- [Material provided]
━━━
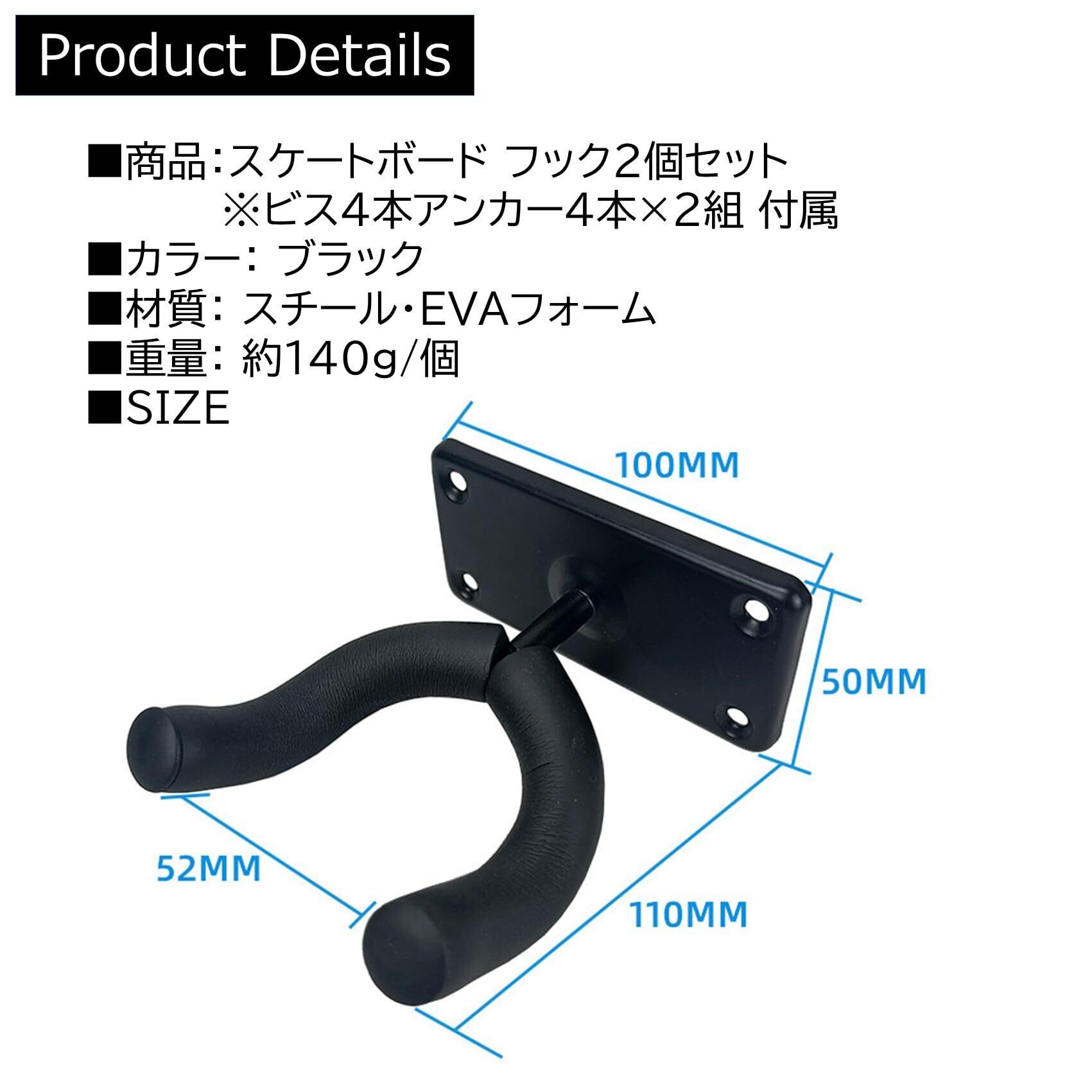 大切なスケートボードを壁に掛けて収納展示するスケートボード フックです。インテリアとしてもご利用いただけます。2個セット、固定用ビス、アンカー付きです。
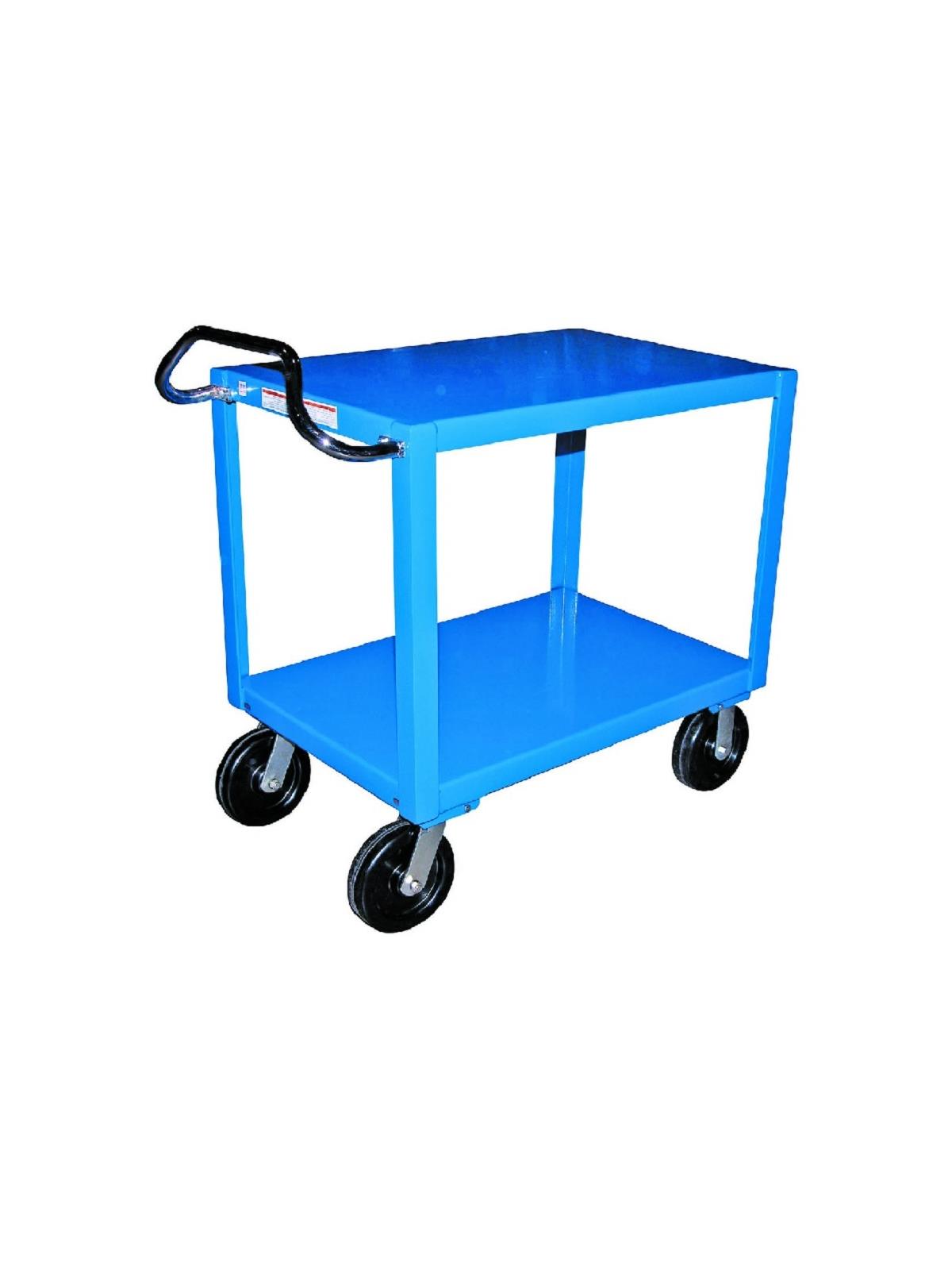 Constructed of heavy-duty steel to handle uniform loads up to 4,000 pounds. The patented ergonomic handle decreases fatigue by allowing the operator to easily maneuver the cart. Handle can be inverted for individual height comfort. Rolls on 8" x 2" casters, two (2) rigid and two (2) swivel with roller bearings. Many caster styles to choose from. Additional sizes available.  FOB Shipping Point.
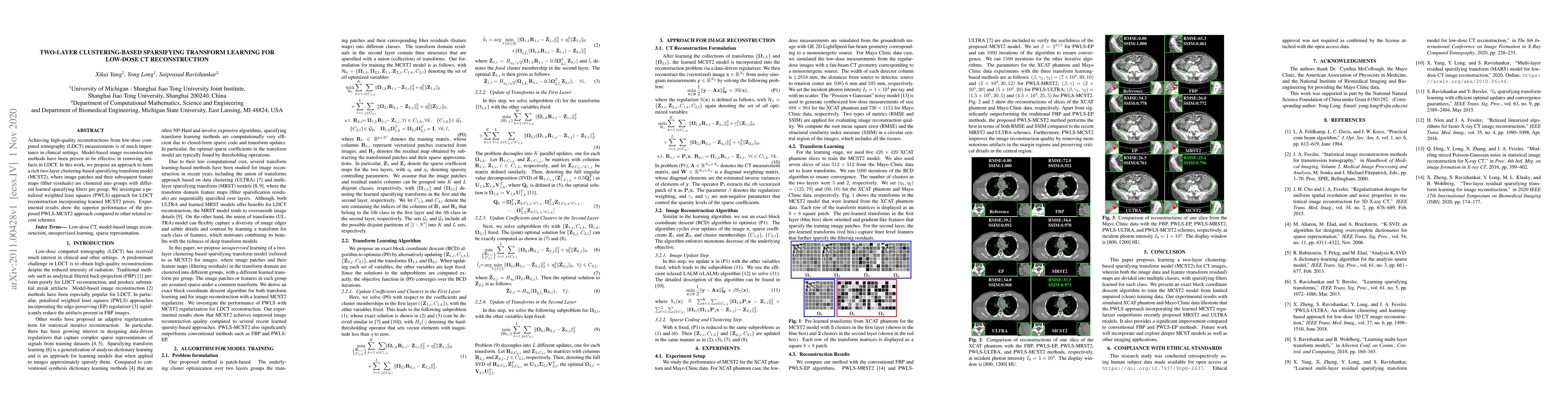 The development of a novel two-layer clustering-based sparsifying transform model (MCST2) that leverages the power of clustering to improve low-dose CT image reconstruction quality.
━━━
- [Instructions to follow] Only the text of the material belongs in your copy, which must match the original exactly.

- [Output of the exercise]
 大切なスケートボードを壁に掛けて収納展示するスケートボード フックです。インテリアとしてもご利用いただけます。2個セット、固定用ビス、アンカー付きです。
 Constructed of heavy-duty steel to handle uniform loads up to 4,000 pounds. The patented ergonomic handle decreases fatigue by allowing the operator to easily maneuver the cart. Handle can be inverted for individual height comfort. Rolls on 8" x 2" casters, two (2) rigid and two (2) swivel with roller bearings. Many caster styles to choose from. Additional sizes available.  FOB Shipping Point.
 The development of a novel two-layer clustering-based sparsifying transform model (MCST2) that leverages the power of clustering to improve low-dose CT image reconstruction quality.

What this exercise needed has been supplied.